More Than a Quick Fix

There are times when I am not answering phones, not trying to get the attention of a room full of children, and not trying to make sure all of the items in our food bank are stocked up for visiting families. Sometimes in these in-between moments, I have conversations with men and women who are passing through our office in conjunction with a group, service, or event that they are hosting for community members. I value these conversations because they are my link to the larger picture of what we are all trying to accomplish: we are trying to make a way for families living in poverty to overcome obstacles in their lives.

I believe that it takes investing in relationships with individuals to affect deep-seated change. Right now, we offer services to keep people afloat. We provide them with food, gas assistance, and referrals to services that we cannot directly meet. We host support groups for victims of domestic violence, for parents of pre-schoolers, and in a distant way, we even host NA/AA meetings. People can come to our office when they feel like they’re drowning, and we’ll give them what they need to stay alive.
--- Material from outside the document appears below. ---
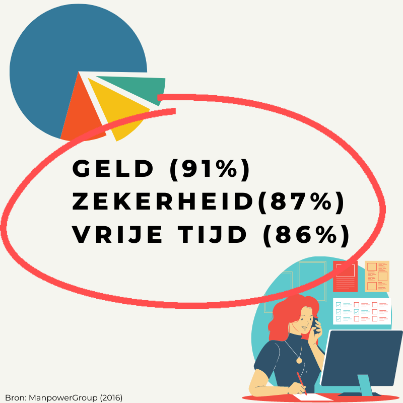 ManpowerGroup deed hier in 2016 grootschalig onderzoek naar (zie: "De carrières van millennials: een visie op 2020"). Ze ondervroegen 19.000 millennials met verschillende beroepen, mét en zonder diploma uit 25 verschillende landen. De belangrijkste 3 prioriteiten waar millennials op letten bij het kiezen van een baan: geld (91%), zekerheid (87%) en vrije tijd (86%).

But, as good as living is, I want to be able to do more than this. I don’t want people to simply float; I want them to swim, and to do it with joy. There are issues with this system. Perhaps the two most obvious ones are that some people simply use our services as part of their daily living and they never break out of using this cycle of services that are designed to be temporary. The other is that there is no requirement for people to give back in exchange for everything that they receive, a condition that makes charity easy, but perpetuates a power relationship between the haves and the have-nots.
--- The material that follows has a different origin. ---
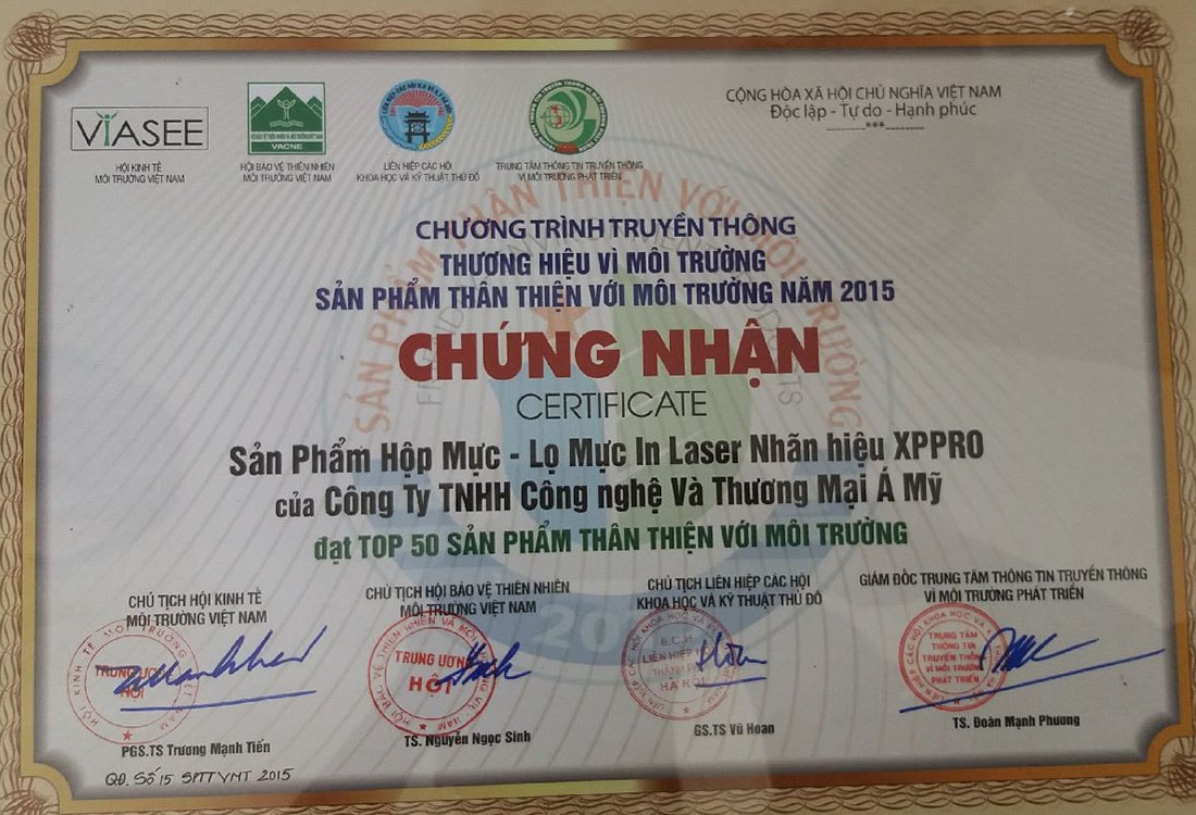 Đặc biệt, mực thay thế xppro được giải thưởng Top 50 sản phẩm thân thiện với môi trường kèm theo cup vàng vào năm 2015.

We need to design a system where people are able to say thank you for the help they receive by giving back. Whether it’s volunteering, offering a skill to assist someone else ( one reason I’m in love with the idea of Time Banking), or offering a donation back to an organization in some form or another, there needs to be a way for people who are receiving public assistance to give back. There’s also this really cool model called Asset-based Community Development¬†that involves using the strengths of a struggling group to build up the entire community. There’s a woman from my hometown who is enthusiastic about it, and I would love to see how a week at her Non-profit works, because I believe that she’s onto something fantastic.

Our problem right now is that even though these services are offered, people aren’t seeking them out, and they’re not investing time and energy into reaching out for these groups that have been brought into the community for the purpose of expanding the opportunities available to them in this country. As an AmeriCorps member whose time in this city is limited to less than a year, I don’t feel like I can bring about the type of lasting change in deep relationships that I believe in, because I won’t be here to sustain it. If I try to start it and cannot sustain it, I don’t know who would, and based on what I’ve seen of others’ efforts, I don’t even know if families would latch on. In any case, what we’re doing is not enough. It perpetuates the system of poverty, and even though we’re doing little bits to improve kids’ and families’ lives, they still will end up behind.

How do you change the nature of a system where inequality is an inherent element of the system succeeding? How do you get people to believe in a cause, and how do you alleviate the stress of poverty on an individual, a family, or a community?